Is anyone else getting kinda unnerved that the biggest billionaires are starting to shift focus towards owning, and importantly, calling the shots at large military contractors?
Echoes of early 2000s USA Vice President Dick Cheney, and former CEO of oil company and defense contractor Halliburton, constructing a decision to invade Iraq based on false pretenses of weapons of mass destruction. Giving that same company no bid contracts on the both Iraqi oil projects and military spending.
Bezos is going to lose another billion a year at least with the combined BO + ULA and will need to manipulate geopolitics to ensure a large enough market to recoup those losses. We are not going to see competition between Blue Oula and spacex but tacit complicity.
They were always the most likely buyer if you were paying attention.
I admit to being pretty disappointed at the confirmation though. Blue Origin would of done just fine without this merger and 3+ companies competing for US space launches instead of 2 would of been healthier.
Maybe Tony Bruno will launch his own space company? I always thought Boeing and Lockheed were holding him back.
They are close to finishing New Glenn, their next rocket that is better than ULA's Vulcan in pretty much every way. They will probably launch this year. Currently they are testing the launch hardware. There is an update from today:
Yes, ULA will have finished Vulcan about a year earlier, but otherwise Blue Origin seems way ahead of ULA in terms of technology. ULA didn't even develop the Vulcan first stage engines, the most complex part of a rocket. I really don't see what Blue Origin expects to get out of ULA. Blue Origin doesn't need Vulcan, they will soon have something that is better in every way: New Glenn will have a reusable first stage and a higher launch mass.
> In 24 years, they haven’t gotten one gram to orbit.
ULA has launched a lot, but mostly with over 20 year old rocket designs that are based on even older rockets.
>> In 24 years, they haven’t gotten one gram to orbit.
> ULA has launched a lot, but mostly with over 20 year old rocket designs that are > based on even older rockets.
by that metric the butcher around the corner here is better than ULA. He makes model rockets as a hobby and just tested one he just build and designed last year. And since it was designed last year and not a decade ago its also a newer design than New Glen. so its better?
Yes if New Glen works as designed and they can launch it it will probably better than what ULA now has. But that doesn't change the fact that BO has nothing yet.
It still seems pretty likely that New Glenn will be launching relatively soon. Within one year probably, despite them not having launched an orbital rocket ever before. That wouldn't be far behind ULA's Vulcan, which first launched in January. Though Blue Origin also has a lot more employees than ULA: 11,000 vs 2,700.
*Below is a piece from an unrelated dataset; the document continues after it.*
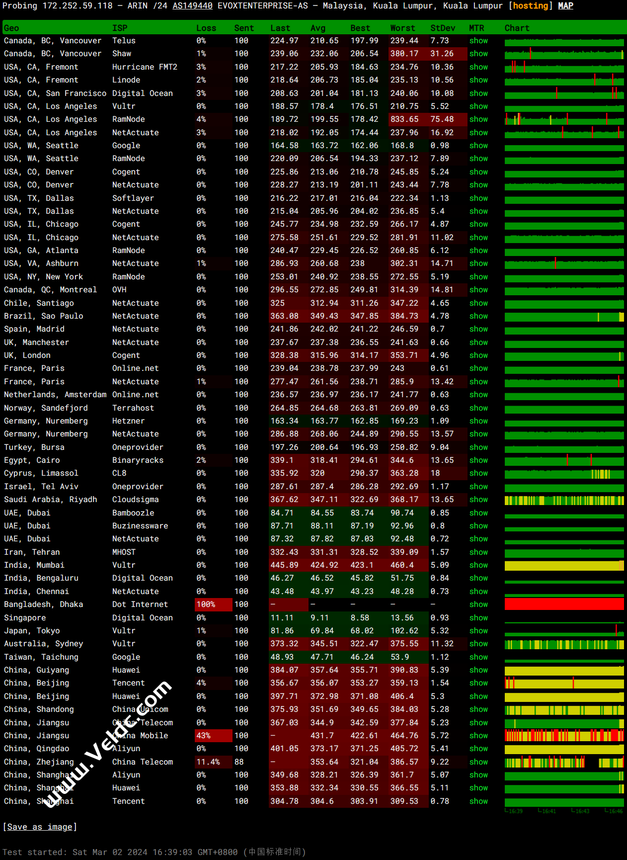 7 202.97.72.101 338.91 ms AS4134 China, Guangdong, Guangzhou, ChinaTelecom 8 * 9 * 10 * 11 113.108.209.1 352.08 ms AS58466 China, Guangdong, Guangzhou, ChinaTelecom Traceroute to China, Shanghai CT (TCP Mode, Max 30 Hop) ============================================================ traceroute to 180.153.28.5 (180.153.28.5), 30 hops max, 32 byte packets 1 172.252.59.1 0.29 ms AS149440 Malaysia, Kuala Lumpur, egihosting.com 2 * 3 * 4 * 5 * 6 64.62.244.62 179.65 ms AS6939 United States, California, Los Angeles, he.net 7 * 8 * 9 * 10 * 11 124.74.166.230 307.84 ms AS4812 China, Shanghai, ChinaTelecom 12 124.74.232.66 363.12 ms AS4812 China, Shanghai, ChinaTelecom 13 * 14 * 15 * 16 * 17 * 18 * 19 * 20 * 21 * 22 * 23 * 24 * 25 * 26 * 27 * 28 * 29 * 30 * Traceroute to China, Beijing CT (TCP Mode, Max 30 Hop) ============================================================ traceroute to 180.149.128.9 (180.149.128.9), 30 hops max, 32 byte packets 1 172.252.59.1 0.46 ms AS149440 Malaysia, Kuala Lumpur, egihosting.com 2 * 3 * 4 * 5 * 6 218.30.53.225 238.65 ms AS4134 United States, ChinaTelecom 7 202.97.41.105 347.17 ms AS4134 China, Beijing, ChinaTelecom 8 202.97.54.33 342.32 ms AS4134 China, Beijing, ChinaTelecom 9 * 10 * 11 * 12 * 13 * 14 * 15 * 16 * 17 * 18 * 19 * 20 * 21 * 22 * 23 * 24 * 25 * 26 * 27 * 28 * 29 * 30 * Traceroute to China, Guangzhou CU (TCP Mode, Max 30 Hop) ============================================================ traceroute to 210.21.4.130 (210.21.4.130), 30 hops max, 32 byte packets 1 172.252.59.1 0.36 ms AS149440 Malaysia, Kuala Lumpur, egihosting.com 2 * 3 * 4 * 5 * 6 216.218.207.31 351.24 ms AS6939 United States, California, Los Angeles, he.net 7 219.158.96.25 353.65 ms AS4837 China, Beijing, ChinaUnicom 8 219.158.3.145 337.36 ms AS4837 China, Beijing, ChinaUnicom 9 * 10 * 11 120.86.0.182 358.93 ms AS17816 China, Guangdong, Guangzhou, ChinaUnicom 12 120.80.169.118 368.33 ms AS17622 China, Guangdong, Guangzhou, ChinaUnicom 13 * 14 * 15 * 16 * 17 * 18 * 19 * 20 * 21 * 22 * 23 * 24 * 25 * 26 * 27 * 28 * 29 * 30 * Traceroute to China, Shanghai CU (TCP Mode, Max 30 Hop) ============================================================ traceroute to 58.247.8.158 (58.247.8.158), 30 hops max, 32 byte packets 1 172.252.59.1 0.39 ms AS149440 Malaysia, Kuala Lumpur, egihosting.com 2 184.104.219.160 3.00 ms AS6939 Malaysia, Kuala Lumpur, he.net 3 * 4 * 5 * 6 72.52.93.38 177.18 ms AS6939 United States, California, Los Angeles, he.net 7 219.158.4.9 367.85 ms AS4837 China, Beijing, ChinaUnicom 8 219.158.3.133 371.09 ms AS4837 China, Beijing, ChinaUnicom 9 * 10 * 11 * 12 112.64.250.202 349.53 ms AS17621 China, Shanghai, ChinaUnicom 13 58.247.8.153 364.92 ms AS17621 China, Shanghai, ChinaUnicom 14 * 15 * 16 * 17 * 18 * 19 * 20 * 21 * 22 * 23 * 24 * 25 * 26 * 27 * 28 * 29 * 30 * Traceroute to China, Beijing CU (TCP Mode, Max 30 Hop) ============================================================ traceroute to 123.125.99.1 (123.125.99.1), 30 hops max, 32 byte packets 1 172.252.59.1 0.33 ms AS149440 Malaysia, Kuala Lumpur, egihosting.com 2 184.104.219.160 1.47 ms AS6939 Malaysia, Kuala Lumpur, he.net 3 * 4 * 5 * 6 216.218.207.31 353.93 ms AS6939 United States, California, Los Angeles, he.net 7 219.158.4.9 355.00 ms AS4837 China, Beijing, ChinaUnicom 8 219.158.3.213 342.51 ms AS4837 China, Guangdong, Guangzhou, ChinaUnicom 9 * 10 * 11 * 12 219.232.11.202 409.98 ms AS4808 China, Beijing, ChinaUnicom 13 61.135.113.154 365.57 ms AS4808 China, Beijing, ChinaUnicom 14 123.125.99.1 349.23 ms AS4808 China, Beijing, ChinaUnicom Traceroute to China, Guangzhou CM (TCP Mode, Max 30 Hop) ============================================================ traceroute to 120.196.212.25 (120.196.212.25), 30 hops max, 32 byte packets 1 172.252.59.1 0.83 ms AS149440 Malaysia, Kuala Lumpur, egihosting.com 2 * 3 * 4 * 5 * 6 * 7 195.42.145.161 251.80 ms * France, Ile-de-France, Paris, equinix.com 8 223.120.10.109 251.09 ms AS58453 Germany, Hesse, Frankfurt, ChinaMobile 9 223.120.15.46 476.32 ms AS58453 China, Guangdong, Guangzhou, ChinaMobile 10 221.183.55.58 350.52 ms AS9808 China, Guangdong, Guangzhou, ChinaMobile 11 221.183.92.21 350.25 ms AS9808 China, Guangdong, Guangzhou, ChinaMobile 12 221.183.89.246 351.57 ms AS9808 China, Guangdong, Guangzhou, ChinaMobile 13 * 14 183.235.232.29 525.74 ms AS56040 China, Guangdong, Guangzhou, ChinaMobile 15 211.136.214.138 355.69 ms AS56040 China, Guangdong, Guangzhou, ChinaMobile 16 * 17 120.197.234.140 355.98 ms AS56040 China, Guangdong, Guangzhou, ChinaMobile 18 * 19 * 20 120.196.212.25 497.54 ms AS56040 China, Guangdong, Guangzhou, ChinaMobile Traceroute to China, Shanghai CM (TCP Mode, Max 30 Hop) ============================================================ traceroute to 221.183.55.22 (221.183.55.22), 30 hops max, 32 byte packets 1 172.252.59.1 0.13 ms AS149440 Malaysia, Kuala Lumpur, egihosting.com 2 * 3 * 4 184.105.222.9 149.36 ms AS6939 France, Provence-Alpes-Cote d'Azur, Marseille, he.net 5 * 6 * 7 195.42.145.161 240.44 ms * France, Ile-de-France, Paris, equinix.com 8 223.120.10.113 251.57 ms AS58453 Germany, Hesse, Frankfurt, ChinaMobile 9 223.120.15.10 437.21 ms AS58453 China, Beijing, ChinaMobile 10 221.183.55.102 438.07 ms AS9808 China, Beijing, ChinaMobile 11 * 12 * 13 * 14 * 15 * 16 * 17 * 18 * 19 * 20 * 21 * 22 * 23 * 24 * 25 * 26 * 27 * 28 * 29 * 30 * Traceroute to China, Beijing CM (TCP Mode, Max 30 Hop) ============================================================ traceroute to 211.136.25.153 (211.136.25.153), 30 hops max, 32 byte packets 1 172.252.59.1 0.14 ms AS149440 Malaysia, Kuala Lumpur, egihosting.com 2 * 3 * 4 * 5 * 6 * 7 62.115.181.193 178.69 ms AS1299 United States, California, Los Angeles, telia.com 8 62.115.171.219 181.21 ms AS1299 United States, California, Los Angeles, telia.com 9 223.120.6.22 181.49 ms AS58453 United States, California, Los Angeles, ChinaMobile 10 223.120.12.214 471.72 ms AS58453 China, Shanghai, ChinaMobile 11 221.183.55.106 416.77 ms AS9808

sure - probably yes. but blankly giving them the benefit of doubt and just saying that they actually are better if they haven't lauched anything to orbit when comparing them to another company that launches stuff is not wise.
I think ULA did a good enough job of that on its own. They’re like the US Steel of space. A great combination with Blue Origin’s own massive expenditures on recapitulating aerospace sclerosis. :)
The irony of saying that about the space launch industry, especially about ULA, a company which was founded as a monopoly because Boeing has been going down the drain for decades.
Amazon only pays him $81,000 a year so he has to make ends meet somehow.
But seriously, he has sold over over $38 billion in stock [1]. The latest sale was part of a trading plan established last year.
If he wanted to buy ULA for cash he could literally go to any bank and they would give him a securities backed loan - rich people don't need to be liquid for most purchases.
The more reusable launch providers the better for the industry and for human kind.